Homily at Mass for Carers – Four Mile House

Homily at Mass for Carers – Four Mile House
Bishop Kevin Doran
Thursday 24th July 2014

I am delighted to be with you here in Four Mile House to celebrate this Mass for carers. Just twelve years ago my parents died, having both experienced a number of years of poor health. Each in their own way became more and more dependent on the care of those around them.

Becoming a carer in the family circle is like being born; it is not something you choose; you could say that it is something that happens to you. In another sense, however, like life itself, it is possible to see how becoming a carer is a “vocation”. It is an unexpected invitation from God to participate in the healing ministry of Jesus Christ. Living as a disciple is not always about what I would prefer to do; but how I respond to what I have been asked to do.

I think most of you, in your better moments, will recognise that there is a privilege involved in caring for someone at home, where they can be in familiar surroundings and close to family and friends. Sometimes it is only later on that you can really appreciate this. Let’s be honest, though, it can also be very challenging and isolating to be a carer and the question needs to be asked “who cares for the carer”?

The first disciples were sent out in pairs and, in this way, Jesus made it clear that no Christian vocation is meant to be lived in isolation. My own experience would suggest that being a carer has a way of creeping up on you. You don’t always notice it coming, and neither do other people, even other family members. It is important to speak up, for your own sake and for the sake of those for whom you care, so that the wider community of family and parish, which also has some responsibility, doesn’t sail on oblivious to the need.

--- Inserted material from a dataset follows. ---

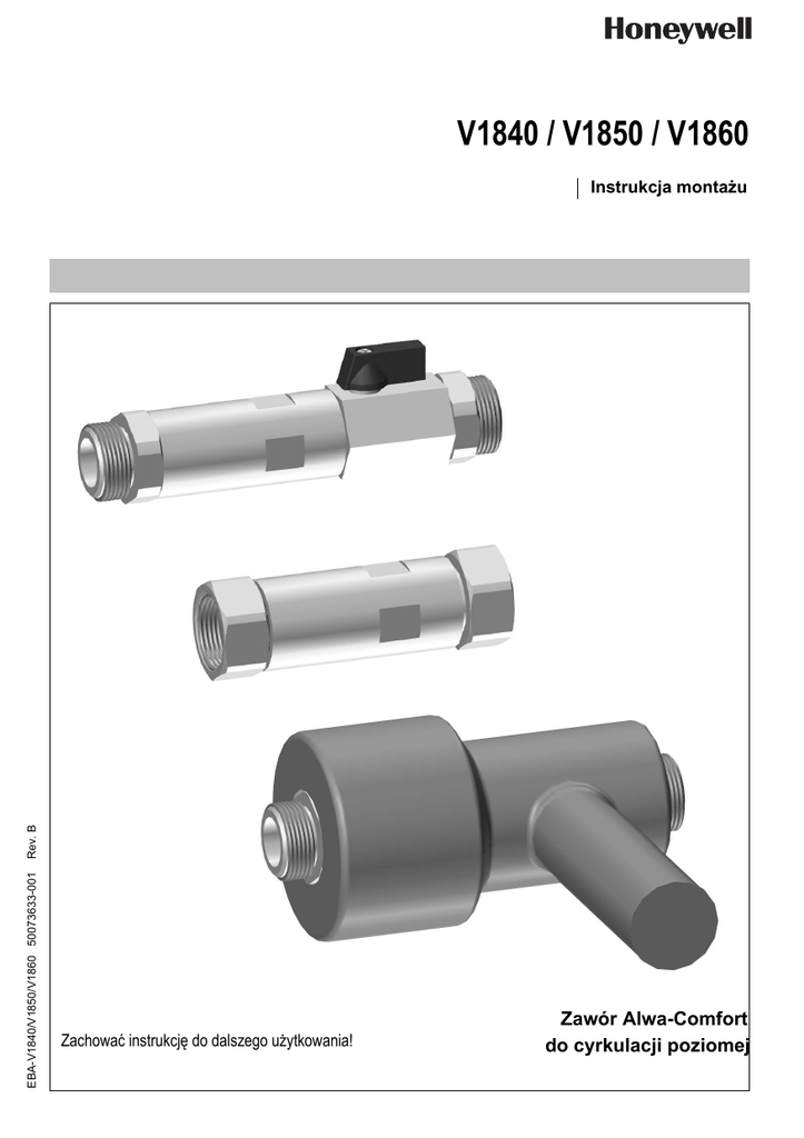 V1840 / V1850 / V1860 EBA-V1840/V1850/V1860 50073633-001 Rev. B Einbauanleitung Instrukcja montażu Anleitung zum späteren Gebrauch aufbewahren! Zachować instrukcję do dalszego użytkowania! Zawór Alwa-Comfort do cyrkulacji poziomej 1. Uwagi dot. bezpieczeństwa 3. Oznaczenia katalogowe Alwa-Comfort - montaż naścienny 1. Postępować wełu niniejszej instrukcji. Nr katalog. Przyłącze Zawór 2. Stosować urządzenie: kulowy Temp. • według jego przeznaczenia -V1840X0015 57°C gw. zewn. • w dobrym stanie -V1840Y0015 gw. wewn. • zgodnie z zasadami bezpieczeństwa i ochrony pracy. V1850X0015 gw. zewn. • 3. Należy zwrócić uwagę, że niniejsze urządzenie jest jedynie V1850Y0015 gw. wewn. • przeznaczone do aplikacji określonych w niniejszej instrukcji. V1850XX0015 złączka z gw. zewn. • V1850XY0015 złączka z gw. wewn. • Jakiekolwiek inne zastosowanie powoduje odrzucenie V1850XS0015 złączka do lutow • reklamacji oraz gwarancji. V1840X0015H 63°C gw. zewn. -4. Wszelkiie prace związane z montażem, uruchomieniem, V1840Y0015H gw. wewn. -serwisem oraz obsługą mogą być wykonanae tylko przez V1850X0015H gw. zewn. • personel wykwalifikowany. V1850Y0015H gw. wewn. • 5. Należy natychmiast usuwać wszelkie występujące usterki V1850XX0015H złączka z gw. zewn. • mogące wpływać na bezpieczeństwo. V1850XY0015H złączka z gw. wewn. • V1850XS0015H złączka do lutow • 1. Safety Guidelines Alwa-Comfort-UP - montaz podtynkowy 1. Follow the installation instructions. Nr katalogowy Temp. Przyłącze Zawór 2. Use the appliance stellung kulowy • according to its intended use V1860Y0015 57°C gw. wewn. • • in good condition V1866Y0015 MAPRESS • • with due regard to safety and risk of danger. V1867Y0015 SANRESS • V1860Y0015H 63°C gw. wewn. • 3. Note that the appliance is exclusively for use in the appliV1866Y0015H MAPRESS • cations detailed in these installation instructions. Any V1867Y0015H SANRESS • other use will not be considered to comply with require3. Options ments and would invalidate the warranty. Alwa-Comfort - on wall mounted versions 4. Please take note that any assembly, commissioning, OS. No. PreConnection with ball servicing and adjustment work may only be carried out by setting valve authorized persons. -V1840X0015 57°C External thread 5. Immediately rectify any malfunctions which may influence V1840Y0015 Internal thread -safety. V1850X0015 External thread • V1850Y0015 Internal thread • 2. Dane techniczne V1850XX0015 Threaded male • Medium Woda connection Temperatura pracy maks. 90 °C V1850XY0015 Threaded female • Ciśnienie pracy maks. 10 bar connection maks. 0,1 m3/h kv.min V1850XS0015 Soldered connection • V1840X0015H 63°C External thread -min. 0,6 m3/h kv.max V1840Y0015H Internal thread -≤ 0,1 m3/h kv.TD V1850X0015H External thread • Wilekość DN15 V1850Y0015H Internal thread • 2. Technical data V1850XX0015H Threaded male • connection Medium Water V1850XY0015H Threaded female • Operating temperature max. 90 °C connection Operating pressure max. 10 bar V1850XS0015H Soldered connection • max. 0.1 m3/h kv.min-value Alwa-Comfort-UP - under wall mounted versions min. 0.6 m3/h kv.max-value OS. No. PreConnection with ball ≤ 0.1 m3/h kv.TD-value setting valve Connection size DN15 V1860Y0015 57°C Internal thread • V1866Y0015 MAPRESS • V1867Y0015 SANRESS • V1860Y0015H 63°C Internal thread • V1866Y0015H MAPRESS • V1867Y0015H SANRESS • Honeywell GmbH 2 MU1H-1817GE23 R0812 4. Montaż 4.1. V1840.../V1850... 1. 1. 2. 2. 1. 1. 2. 2. V1850 V1840 Zawsze umieszczać zawór kulowy do góry! Zawsze umieszczać oznaczenie na wierzchu zaworu! ! 4.2. V1860... 2. 3. 2. 1. 1. 6. 5. 3. 8. 10. 9. 7. MU1H-1817GE23 R0812 11. 13,5 mm 10. 3 Honeywell GmbH 5. Obsługa 5.1. V1850... 5.2. V1860... 2. 1. 1. 6. • • • • • • 0DWHULDá\ 6. Korpus z brązu Wewnętrzne części z brązu Wkład regulacyjny z Fortron-u Sprężyna ze stali nierdzewnej Uszcelnienia O-Ring z EPDM Zawór kulowy ze stali nierdzewnej Odnośnie odpadów należy stosować się do lokalnych przepisów! Honeywell GmbH • • • • • • 4 Disposal Valve housing made of red bronze Inner parts made of red bronze Regulating cone made of Fortron Springs made of spring steel EPDM O-rings Ball valve made of stainless steel Observe the local requirements regarding correct waste recycling/disposal! MU1H-1817GE23 R0812 7. Zubehör 7. Accessories Überwurfmutter, Dichtung und Rotguss-Löttülle DN 15, für 15 mm Rohr-Ø VA7400A015 DN 15, für 16 mm Rohr-Ø VA7400A016 Union nut, sealing and red bronze soldering tailpiece DN 15, for 15 mm pipe-Ø VA7400A015 DN 15, for 16 mm pipe-Ø VA7400A016 Überwurfmutter, Dichtung und Rotguss-Aussengewindetülle DN 15 VA7401A015 Union nut, sealing and externally threaded red bronze tailpiece for external threads DN 15 VA7401A015 Überwurfmutter, Dichtung und Stahl-Schweißtülle DN 15 VA7402A015 Union nut, sealing and steel soldering tailpiece DN 15 VA7402A015 MAPRESS Edelstahl Pressverschraubung mit Dichtung DN 15, für 15 mm Rohr-∅ VA7403A015 DN 15, für 18 mm Rohr-∅ VA7403A018 Union nut with MAPRESS-fitting for external threads DN 15, for 15 mm pipe-∅ VA7403A015 DN 15, for 18 mm pipe-∅ VA7403A018 SANPRESS Rotguss Pressverschraubungen mit Dichtung DN 15, für 15 mm Rohr-∅ VA7404A015 DN 15, für 18 mm Rohr-∅ VA7404A018 SANPRESS System connection set (red bronze) DN 15, for 15 mm pipe-∅ VA7404A015 DN 15, for 18 mm pipe-∅ VA7404A018 Überwurfmutter, Dichtung und Rotguss-Tülle mit Innengewinde DN 15 VA7405A015 Union nut, sealing and internally threades red bronze teilpiece for external threads DN 15 VA7405A015 Dämmschale Insulation shell DN 15 VA2510E015 DN 15 VA2610A015 DN 15 VA2410G015 DN 15 VA2510E015 DN 15 VA2610A015 DN 15 VA2410G015 Ball Valve Kugelhahn Rosette Rosette MU1H-1817GE23 R0812 5 Honeywell GmbH Automation and Control Solutions Honeywell GmbH Hardhofweg 74821 MOSBACH GERMANY

The Carers Association is a very valuable source of support and information. I encourage you also not to lose sight of the spiritual support which your local parish can offer, through the pastoral visit, the sacrament of the sick and perhaps the broadcast Mass on parish radio.

Sometimes we are strong on the surface but struggling inside. In our second reading today Paul prays for the people of Ephesus that they may have power through the Holy Spirit for their hidden selves to grow strong and that they may come to know the full reality of God’s love. That is my prayer for you today.